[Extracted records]
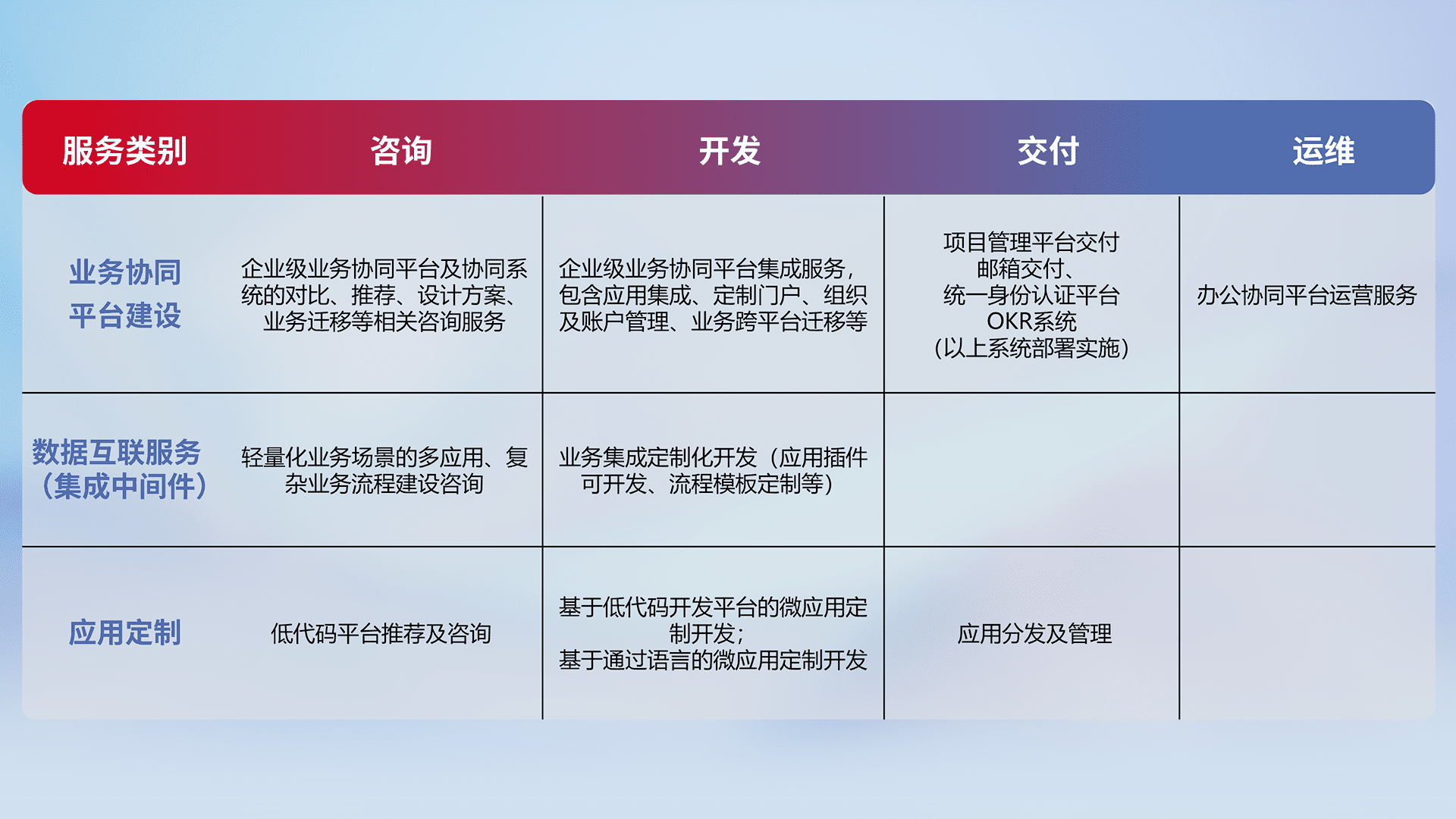 针对钉钉、、企微、、、IDaas等平台级产品提供产品的规划、、、方案、、、、交付、、定制化开发等服务,,,,实现如统一协同办公、、智能客户服务、、混合会议管理、、、智能数据查询、、、、等业务场景,,实现数字化转型。。。
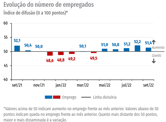 O emprego na indústria brasileira avançou pelo 5º mês consecutivo em setembro. O índice de evolução do número de empregados ficou em 51,4 pontos, acima da linha divisória de 50 pontos, que separa aumento de queda do emprego industrial. Apesar do aumento, o resultado representa desaceleração frente a agosto, que registrou 52,2 pontos.
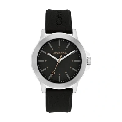 Calvin Klein Three Hand Quartz Movement Watch for Men CK Reset Collection with Black Silicone Bracelet 25200471
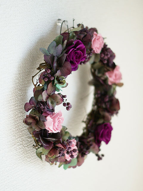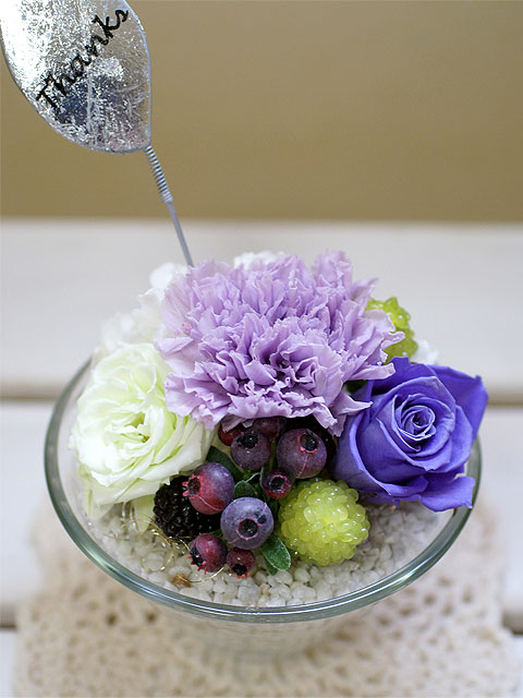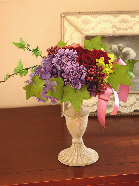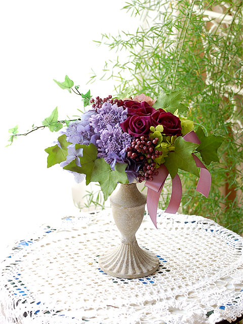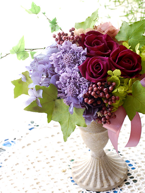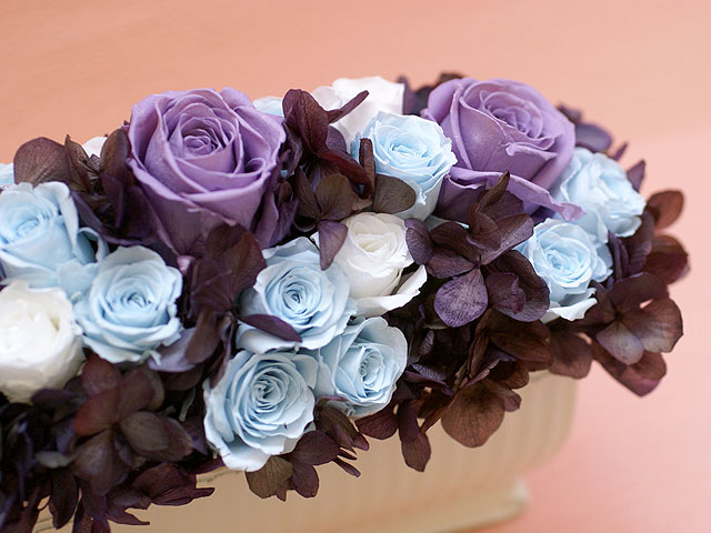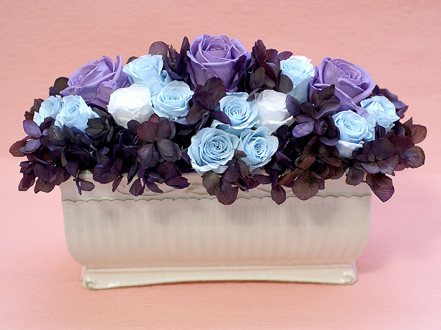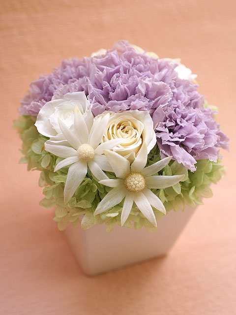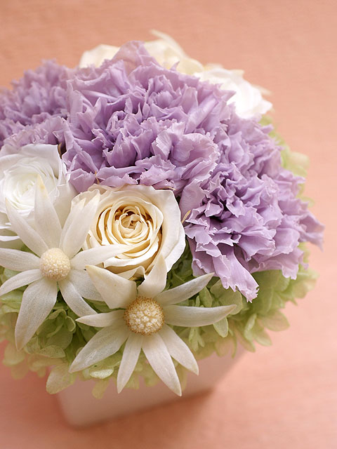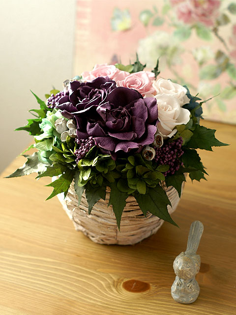 パープル系で選ぶプリザーブドフラワー、フラワーアレンジメント
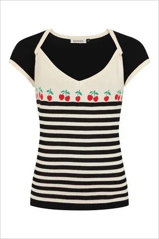 Jersey de punto mixto de viscosa con manga corta, raya en contraste y punto de intarsia color cereza.
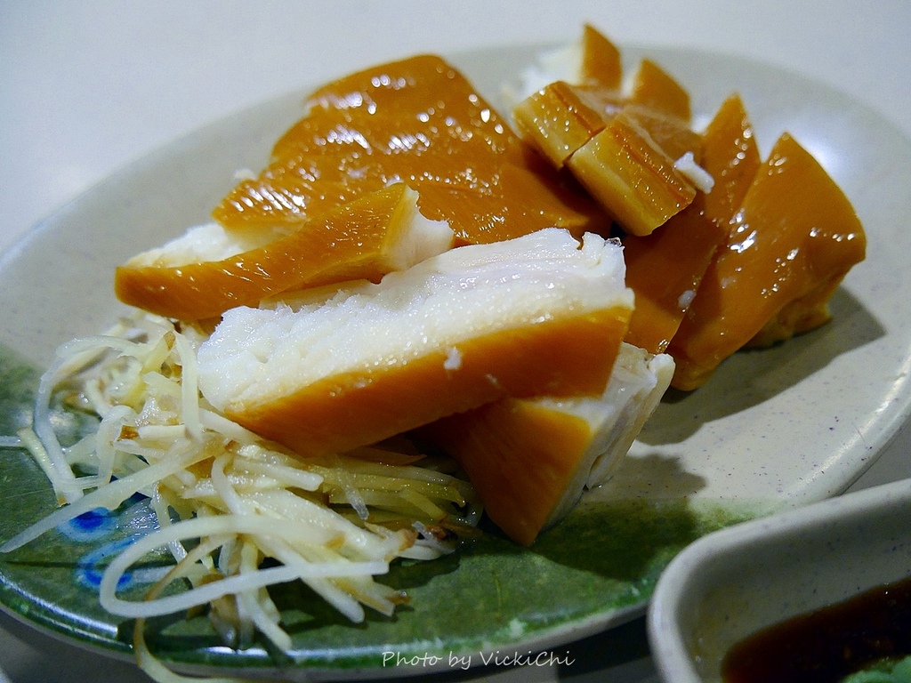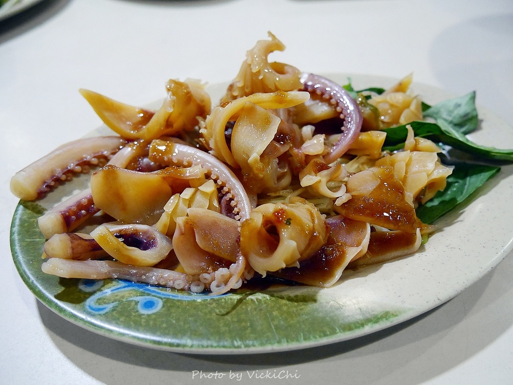 超喜歡汆燙魷魚,雖然看起來簡單,川燙時間跟火侯的拿捏都要控制得宜。超大份量的魷魚,沾點芥末佐醬,脆口好吃。
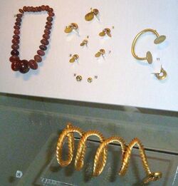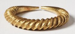 In the early stages of the Bronze Age the gold ornaments included simple but finely decorated gold lunulae, a distinctively Irish type of object later made in Britain and continental Europe, and disks of thin gold sheet. Many of these seem to have been long in use before they were deposited. Later the thin twisted torc made its appearance; this was a collar consisting of a bar or ribbon of metal, twisted into a spiral. Other types of gold jewellery made in Ireland during the Bronze Age, most shared with Britain, include earrings,[40] sun disks,[41] bracelets, clothes fasteners, and in the Late Bronze Age, the distinctively Irish large "gorgets",[42] and bullae amulets.[43] After the Bronze Age goldwork almost ceased to be produced in Ireland;[44] the Irish deposits may well have been essentially exhausted.

▶ [Problem requirements]:
Skipping every picture, transcribe exactly the lines above from the one containing "Jersey de punto" through the one containing "超喜歡汆燙魷魚,雖然看起來簡", both included.

▶ [Answer for the task]:
 Jersey de punto mixto de viscosa con manga corta, raya en contraste y punto de intarsia color cereza.
 超喜歡汆燙魷魚,雖然看起來簡單,川燙時間跟火侯的拿捏都要控制得宜。超大份量的魷魚,沾點芥末佐醬,脆口好吃。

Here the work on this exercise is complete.